[Raw data]

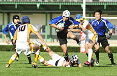 C:2008, JRFU(Photo by A. HASEGAWA) 近畿大学ラグビー同好会ドルフィンズ 38-65 早稲田大学こんぷれっくすラグビーチーム(2008年12月20日 at大阪・近鉄花園ラグビー場) こんぷれっくすの先蹴で始まったゲームは、ドルフィンズが積極的にオープンプレーで揺さぶりをかけるが、こんぷれっくすの堅守に阻まれ、ゴールラインを割れない。8分、攻勢に転じたこんぷれっくすは敵陣ゴール前ラックから右展開、最後はFL7番 新ケ江がトライ。ここから12分、23分と立て続けに、こんぷれっくすが加点(2トライ・1ゴール)。ドルフィンズは、攻めながらも最後の詰めが甘く、前がかりになった分、こんぷれっくすに容易に逆襲される展開が続き、前半を終わって17-29。 セットプレーの安定度に差が見受けられ、後半はこんぷれっくすの一方的な展開になるかと思われた。 ところが後半開始から、ドルフィンズがラッシュをかけ、44分、こんぷれっくすゴール前ラックからHO2番 小西-CTB13番 高橋とつなぎトライ。ゴール成功で22-29。ドルフィンズのBKディフェンスラインが、前で効果的に止めるのに対し、こんぷれっくすBKのタックルが甘く、ボールキープもドルフィンズが上回るようになる。55分、自陣22mライン付近でこぼれたボールをFB15番 佐古が拾い、そのまま75mを走り抜け中央にトライ。ゴールも決まり、逆転に成功する(31-29)。直後の57分、ハーフウェイライン付近で相手キックをキャッチした、こんぷれっくすFB15番 田中がカウンターアタック、巧みなステップでDFをかわし、HO2番 安岡につなぎトライ。ゴールも決まり再逆転に成功(31-36)したあたりから、こんぷれっくすが落ち着きを取り戻し、4トライの追加に対し、ドルフィンズは1トライを返すに留まり、ファイナルスコアは38-65で、早稲田こんぷれっくすの2連覇となった。 結果は大差となったが、フィットネスを不安視されたドルフィンズが、後半一旦ゲームをひっくり返す場面もあり、BKを中心とした堅守を見せた。一方こんぷれっくすは体格差を生かし、安定したセットプレーでラインブレイクを繰り返す場面は見事であったが、前半中盤からBKのタックルが甘くなり、一時チームが混乱するなど、チームが未完の域を脱していない印象を受けた。ゲーム内容は昨年より格段に詰まっているが、次のステップ(地区対抗選手権)へ進むには、ゲームマネジメントで未熟な面が多々見受けられ、タイトなゲームの経験を積む必要性を感じた。 早稲田大学こんぷれっくすラグビーチーム ○安永準一監督 「点差ほどチーム力に差がなかった。プレッシャーをかけられた場面でBKの脆さが出た。前半終了頃から後半序盤にかけチームが勢いを失い、逆転を許す展開になってしまった。ハーフタイム時の調整に工夫が必要だ。 週4回の練習で、フィットネスに自信を持っていたが、終盤までドルフィンズに食い下がられ、まだまだ練習不足だと痛感した。 地区対抗出場校とは、フィットネスで追いつきつつあるが、展開力、スキルで依然差があり、どう埋めていくかが課題だが、まずはフィットネスから活路を見出したい」 ──東西対抗試合の意義について。 「学生がシーズン中、一番幸せな顔してプレーするステージであり、それだけ"花園"は学生に高いモチベーションを与えてくれる。次回もこの地に戻ってプレーできるよう、努力したい」 ○寺西宏之キャプテン「アタックは及第点だが、個々はよかったものの組織としてのディフェンスに課題が残った。後半は、焦りから意思疎通が図れず相当苦戦したが、セットプレーの安定でなんとか勝利につなげられた。 今日の優勝は部員全員で勝ち取ったものであり、フィットネス強化等苦しい練習の積み重ねであるだけに格別である。来年について、3連覇はもちろん地区対抗出場も果たすべく、練習を重ねていきたい」 近畿大学ラグビー同好会ドルフィンズ ○吉川正規監督「昨年大敗した経験を糧として、負けはしたが、点差以上にいいゲームができた。体格差にめげず低いタックルでよく対抗し、後半に一度でも逆転した経験は次に活きるはずだ。 次年度へ向けては、個々のスキル及びフィットネスの向上と同時に、得点パターンのバリエーションを増やしたい」 ──同好会の存在意義について。 「自分たちで何をすべきか責任を持って考え、プレーする場であり、失敗すればそれを糧に次に活かすような場であって欲しい」 ○佐古聖仁キャプテン「体格差があったとはいえ、タックル力に現れた通り、BKのディフェンス力が弱い。攻めているにも係わらずミスで取り切れない精神的な弱さも含め、タイトなゲームを多く経験するなかで、次回に雪辱を期したい」
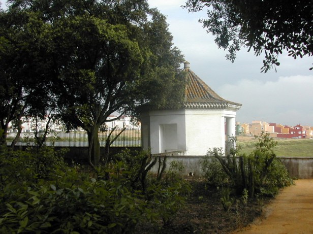 No obstante, el artista no puede sustraerse a sus gustos islamizantes y le permite ciertas concesiones a su propia persona, es el caso del cenador o pabellón de la parte izquierda del jardín: es octogonal, con pilares y columnas de tipo clásico, con un banco de mármol y el suelo de damero también de mármol, pero a quien se le ocurra penetrar en su interior y mirar hacia el techo se llevará una gran sorpresa, se encontrará balbuceante ante un artesonado de madera con formas estrelladas.
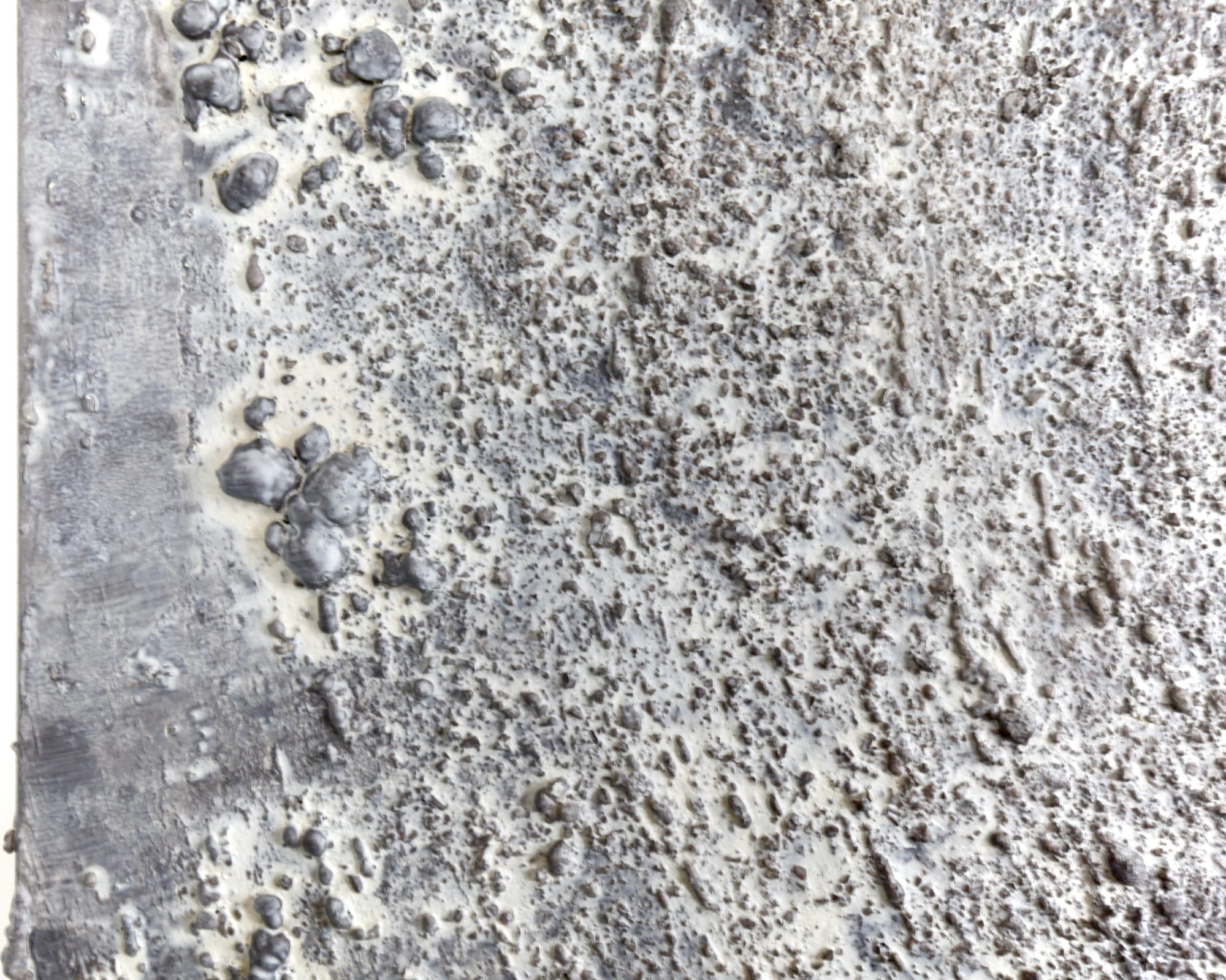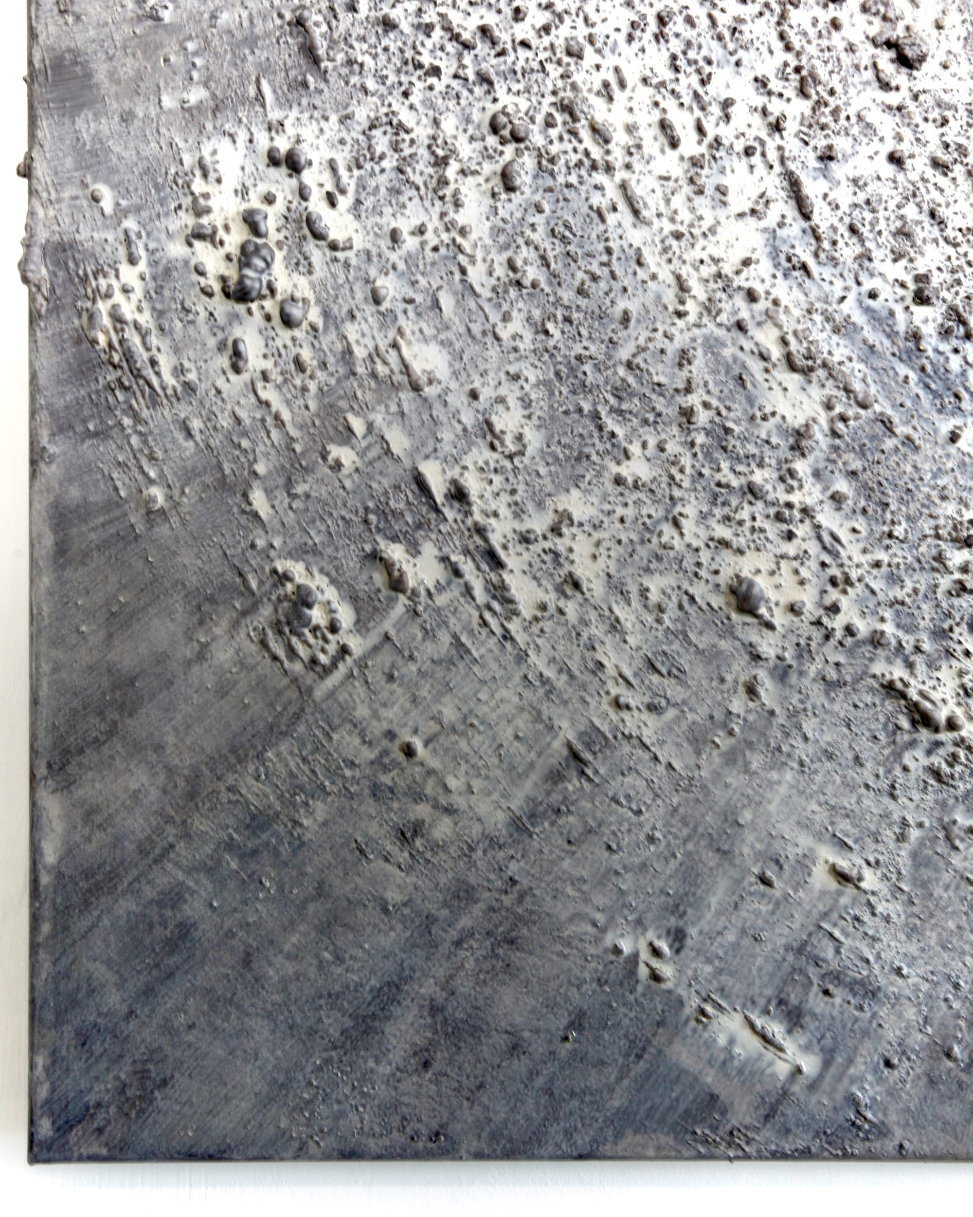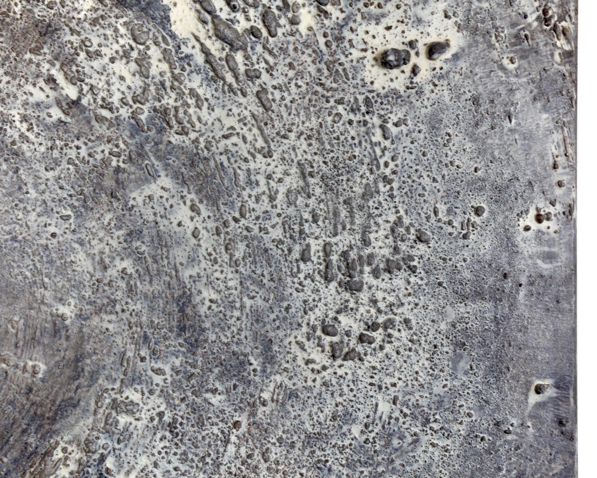 Farverne holder sig i kølige, metalliske toner: stål- og cementgrå, og hvidt, gennembrudt af spredte pletter af sepia, der bryder den monokrome ro. Lyset fanger de ophøjede partier og kaster skygger ned i de dybere fordybninger, så værket nærmest ånder.
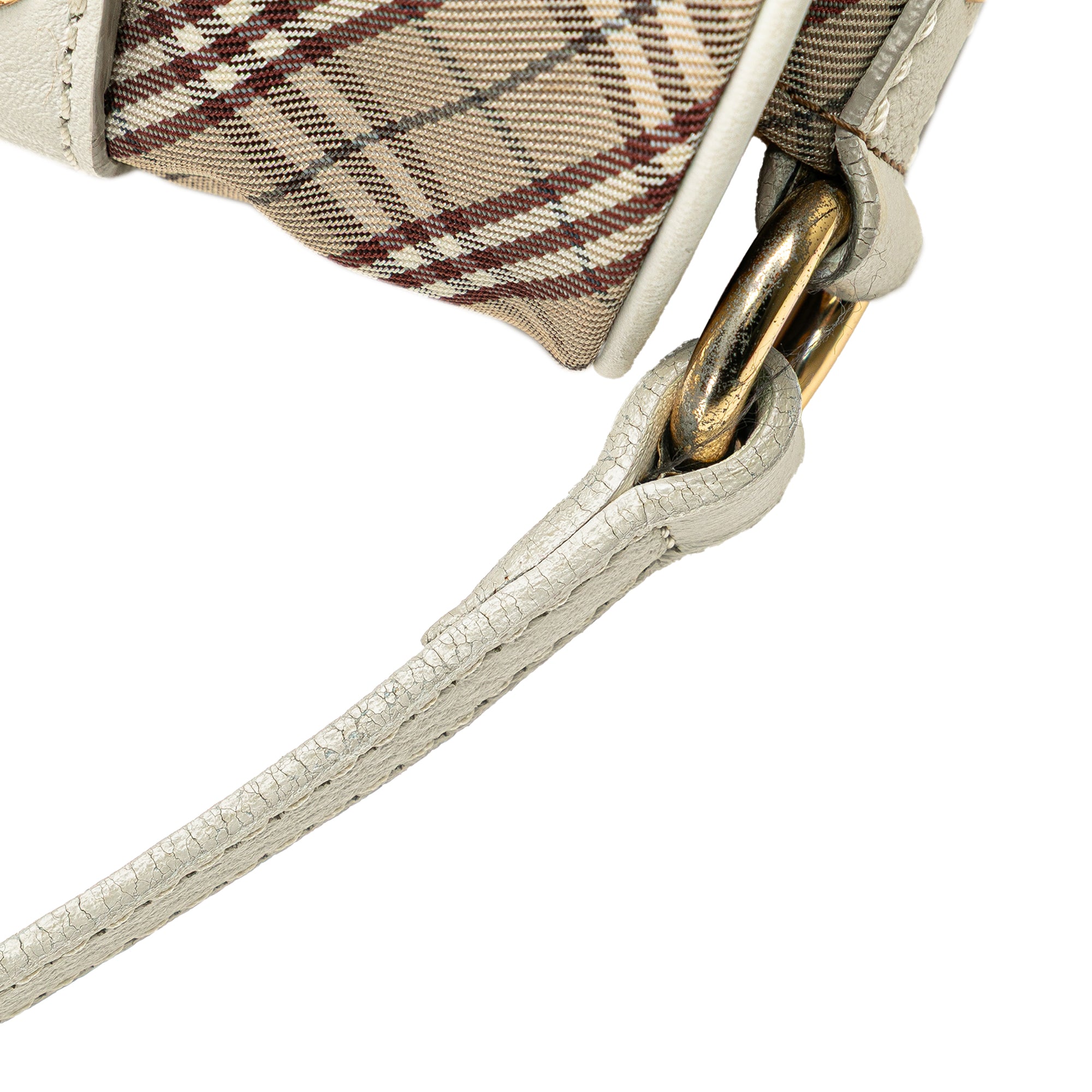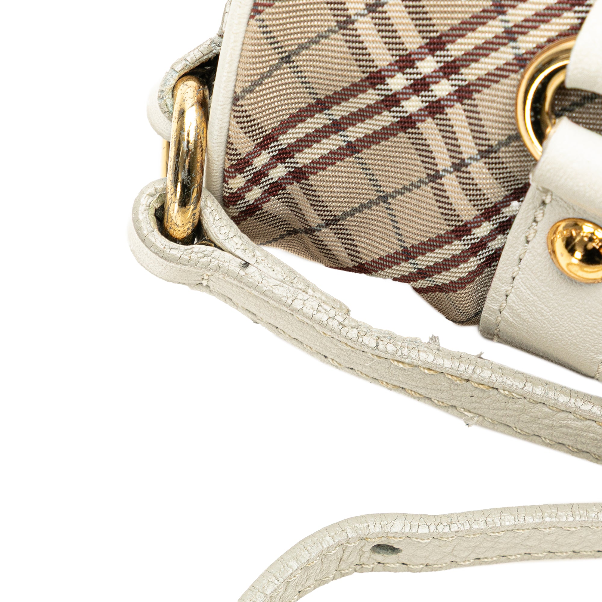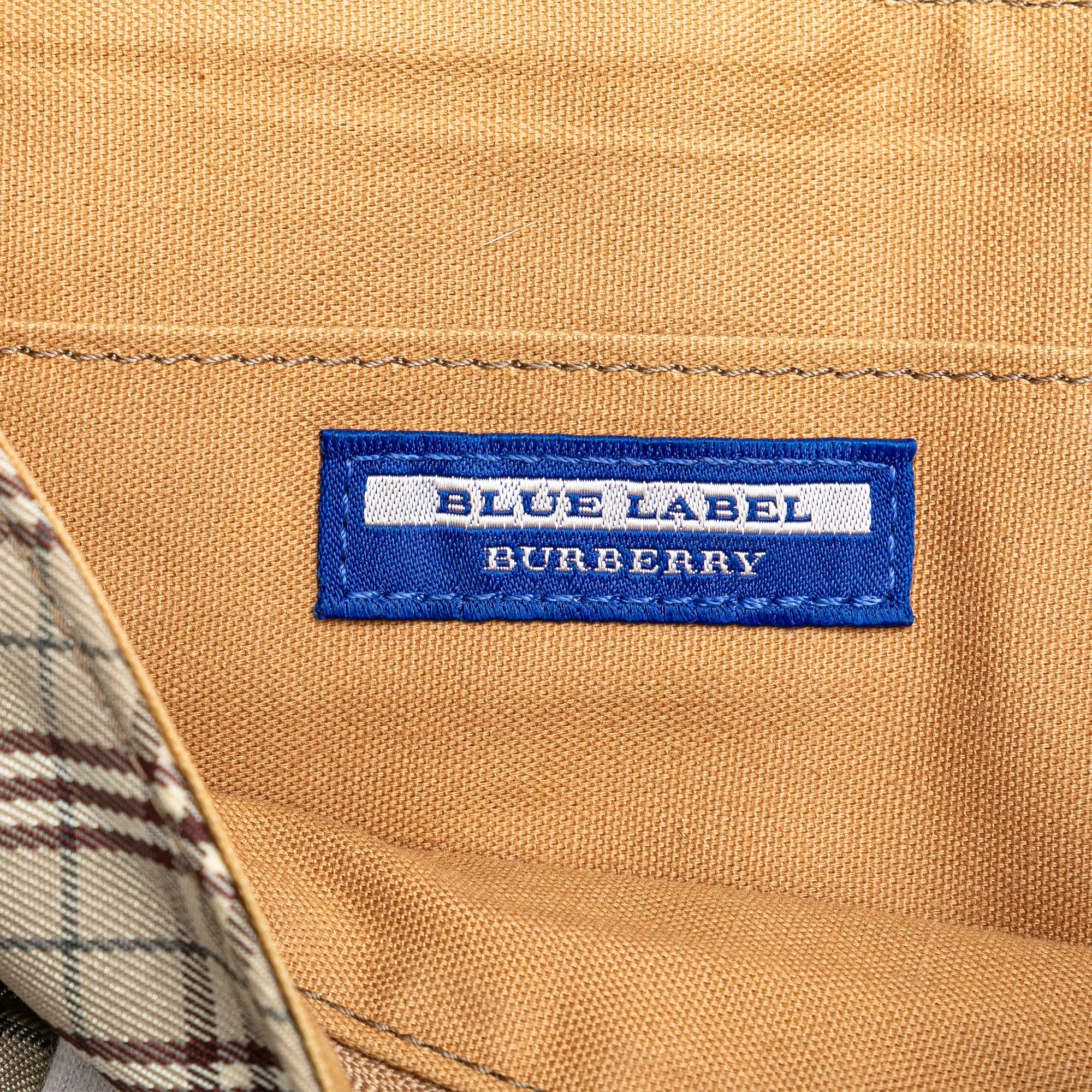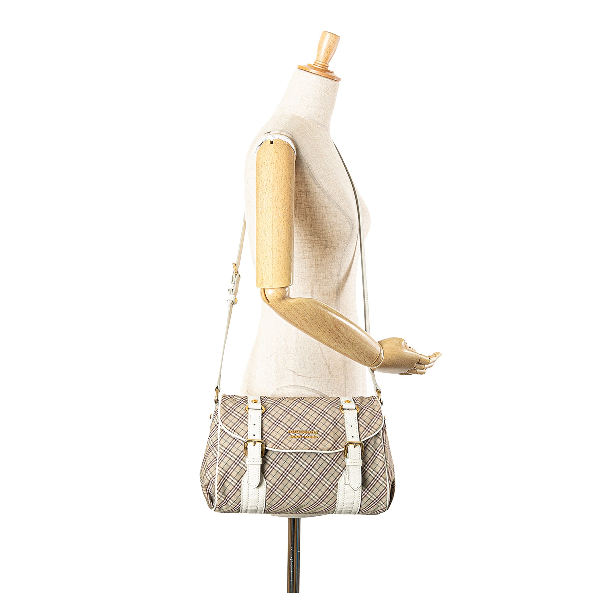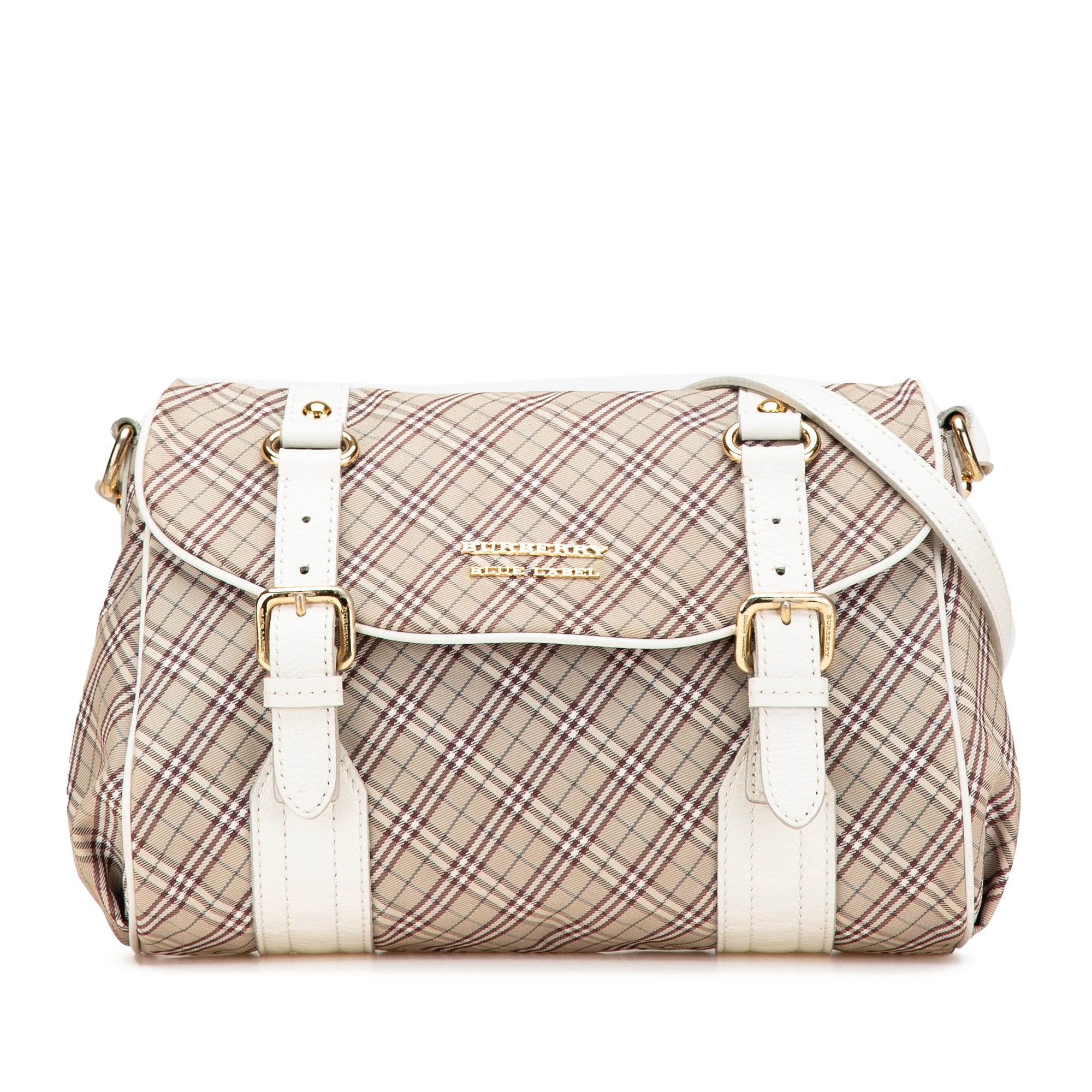 This crossbody bag features a canvas body with leather trim, an adjustable flat leather strap, a front flap with buckle closures, and interior zip and slip pockets. Retail Price: 530.00

[/Raw data]

#### Instructions for the task:
Your answer should be the lines from the line containing "No obstante, el" through the end of the listing above, output exactly and alone, without the pictures.

#### Answer section:
 No obstante, el artista no puede sustraerse a sus gustos islamizantes y le permite ciertas concesiones a su propia persona, es el caso del cenador o pabellón de la parte izquierda del jardín: es octogonal, con pilares y columnas de tipo clásico, con un banco de mármol y el suelo de damero también de mármol, pero a quien se le ocurra penetrar en su interior y mirar hacia el techo se llevará una gran sorpresa, se encontrará balbuceante ante un artesonado de madera con formas estrelladas.
 Farverne holder sig i kølige, metalliske toner: stål- og cementgrå, og hvidt, gennembrudt af spredte pletter af sepia, der bryder den monokrome ro. Lyset fanger de ophøjede partier og kaster skygger ned i de dybere fordybninger, så værket nærmest ånder.
 This crossbody bag features a canvas body with leather trim, an adjustable flat leather strap, a front flap with buckle closures, and interior zip and slip pockets. Retail Price: 530.00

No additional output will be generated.